Maybe, given time, if I could find the right way of telling him....
“Champagne?” he raised the bottle.
“God, yes.” I passed him my glass.
I wasn’t a big wine drinker—it was either vodka with Clarissa or the occasional cocktail with Jasmine, if anything at all. But the champagne was different to anything I’d had before. It wasn’t the cheap fizz I’d had at weddings. It had real taste and the bubbles were sharp and perfect. All of the waffle people talked about wine, about hints of grapefruit and summers days—that all suddenly made sense. It was the same kind of revelation a driver would have, if he’d only ever known a Ford Pinto and you sat him in a Ferrari. Sipping it gave me time to recover.
“Okay?” he asked. And I knew he wasn’t just asking about the wine.
I nodded. With the candles gone, I could feel my body slowing down, all the adrenaline draining away. My face was still hot with humiliation. I had to get him talking about something else.
“Neil,” I said. “Tell me about Neil.”
He smirked and opened the pizza box. The smell of crisp pepperoni and melted cheese hit us. “Wondering if Clarissa’s safe?”
“Wondering if Neil’s safe. Clarissa takes no prisoners.”
“I met him in college—we roomed together, actually.” He passed me a slice of pizza. “He was sort of a hippy even back then. The biker part...that came later.” He was staring into his champagne glass now, remembering. “I was a little...intense, after my folks died. I was already working on my first design, and it got a little....” He trailed off. “Neil watched out for me.”
I smiled. “He doesn’t seem like an MIT graduate.” I bit into the pizza and it was fantastically good, the base delicately crunchy and the sauce tangy and rich.
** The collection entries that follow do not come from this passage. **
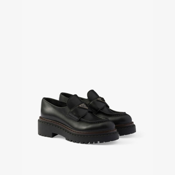 Кожаные мокасины с двойной шоколадной фирменной табличкой Prada, черный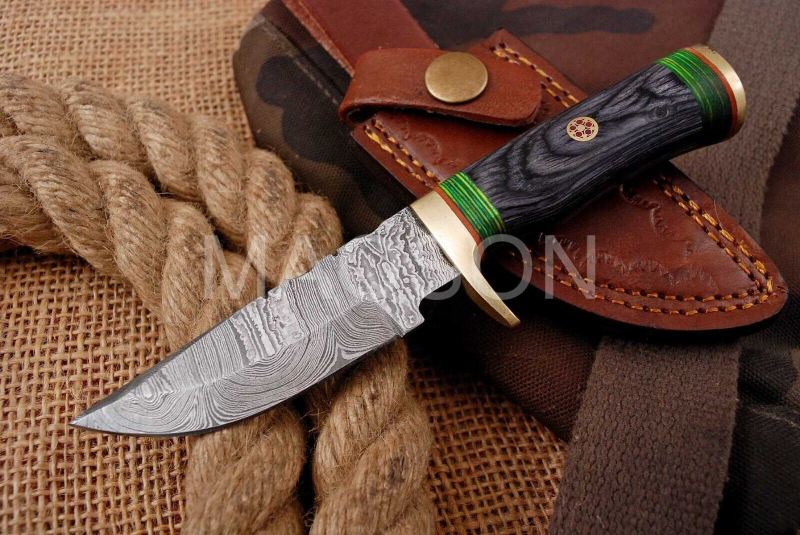 Hier erhalten Sie ein sehr schönes handgeschmiedetes Damast Jagdmesser in reizvollem Torsion Muster.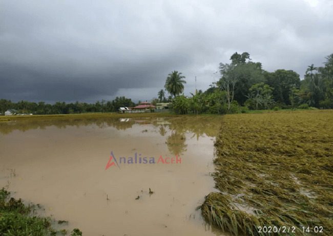 ANALAISACEH.COM, PIJAY | Akibat hujan deras yang mengguyur sejak sabtu (01/02) malam, selain mengenangi pemukiman penduduk juga berdampak pada 397 Ha lahan sawah yang terancam gagal panen di Kabupaten Pidie Jaya, Minggu (02/02/2020).
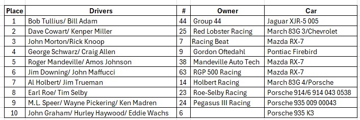 John co-drove the Racing Beat Mazda RX-7 again with Rick Knoop to a 3rd place finish in the GTO class.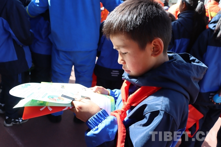 該小學(xué)相關(guān)負(fù)責(zé)人表示,通過森林火災(zāi)安全宣傳教育活動(dòng),進(jìn)一步提升了全校師生的森林防火意識(shí),提高了大家保護(hù)生態(tài)的安全意識(shí)。圖為小學(xué)生閱讀消防員發(fā)放的宣傳冊 (中國西藏網(wǎng) 通訊員/張林)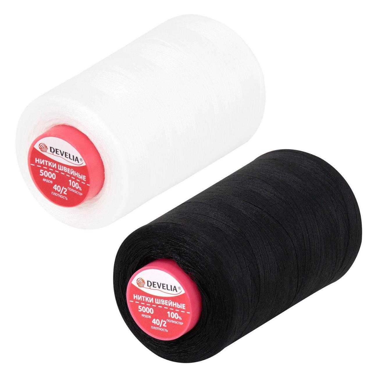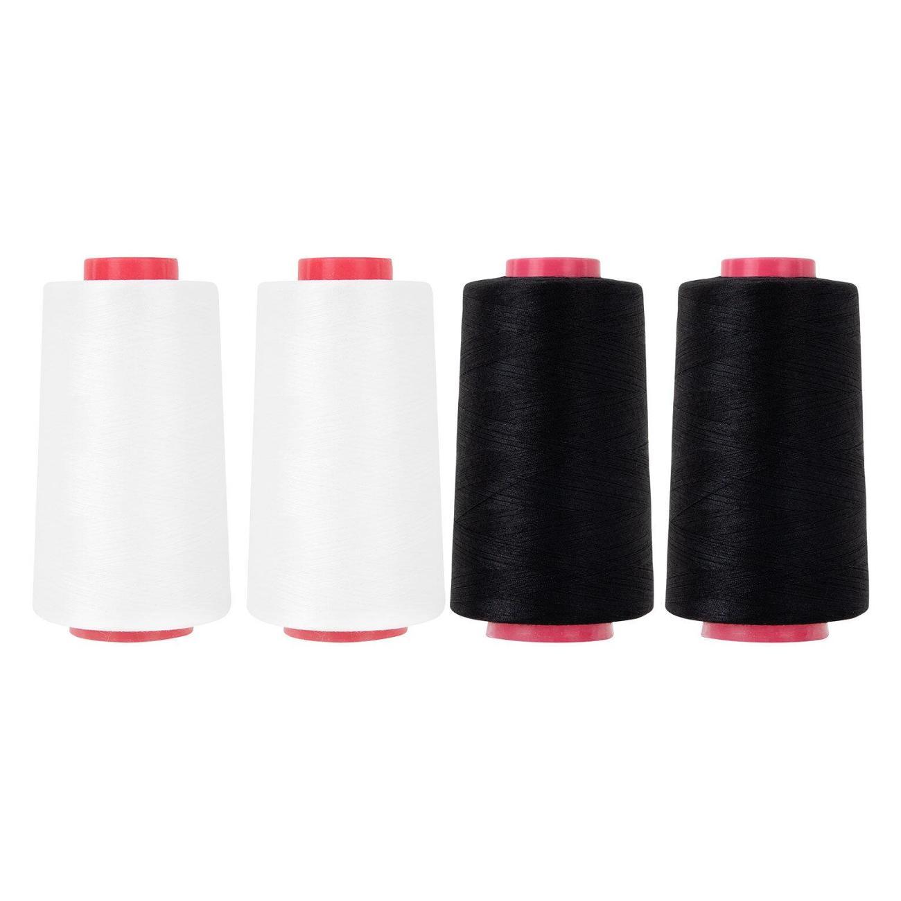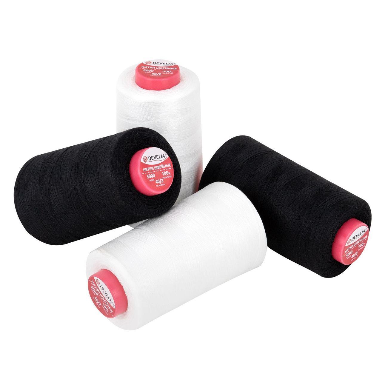 В набор входит 4 катушки ниток белого и черного цветов. В намотке 5000 ярдов (4572 м). Упакованы в термоусадочную пленку.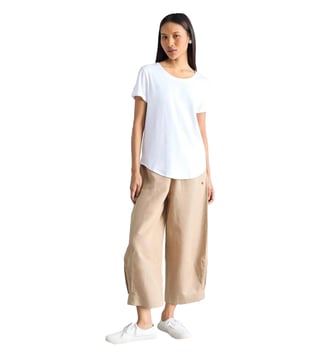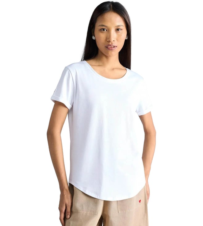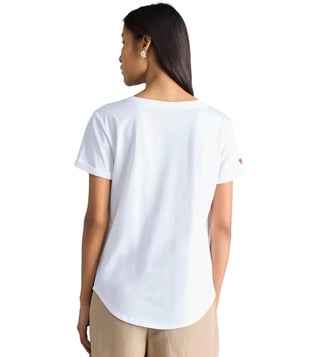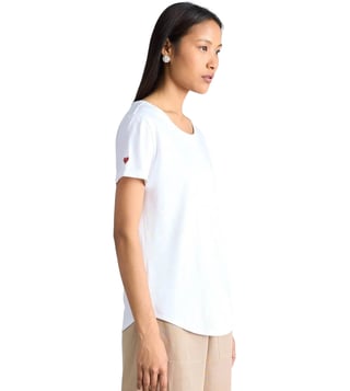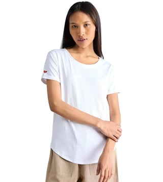 Basics that are anything but basic. A comfy white cotton tee that promises to be the hardest working piece in your closet. Pair with just about everything from jeans and shorts to trousers and skirts.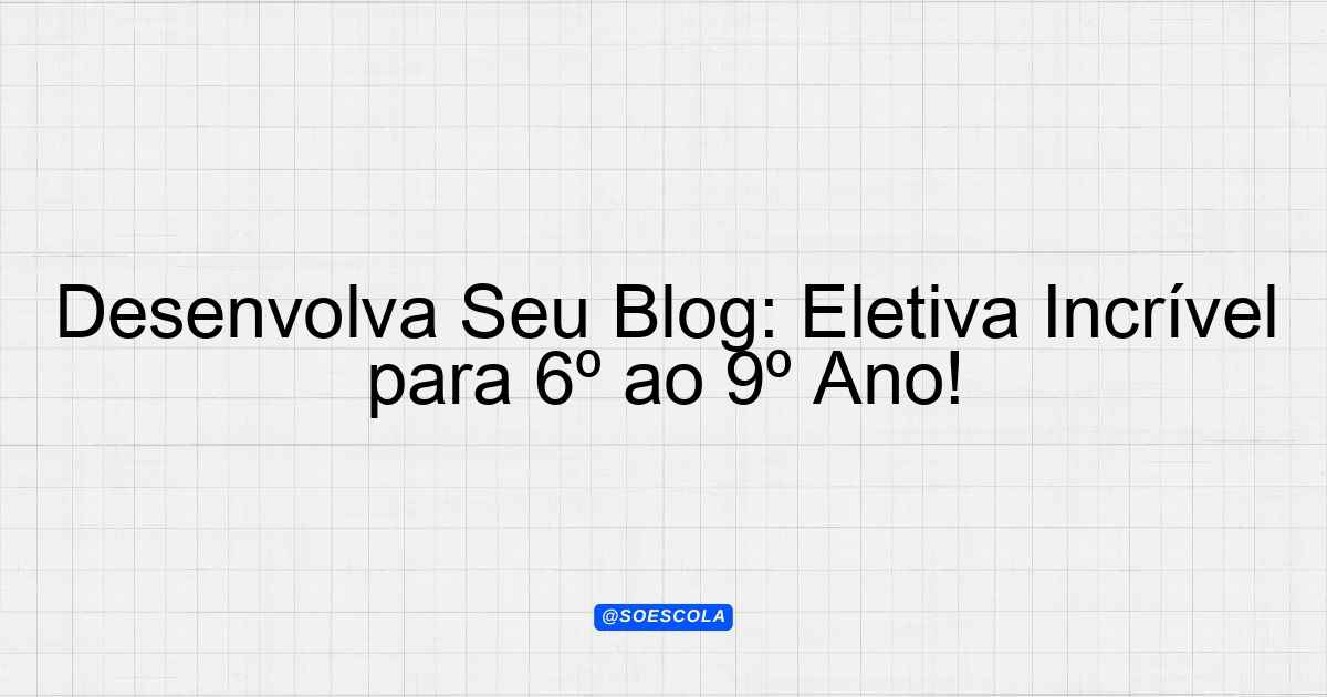 Desenvolva Seu Blog: Eletiva Incrível para 6º ao 9º Ano!

Gooey cheese and thick, salty slices of pepperoni. Heaven.
“More than a graduate. He’s still there, you know. Post-grad, doing his doctorate. Another few years—”
“It’ll be Doctor Neil?”
“Doctor Neil, PhD in advanced aerospace engineering. He’s talking seriously about riding the Harley up on stage to get his certificate.”
“I’d like to see that.” Talking to him was so easy. Why did the guilt drain away, whenever I was near him? Why did I feel...normal? “I have two more years at Fenbrook.” I still didn’t know exactly how old he was, and that reminded me of something else I wanted to know. “When I first came here...Neil said you didn’t have your degree.”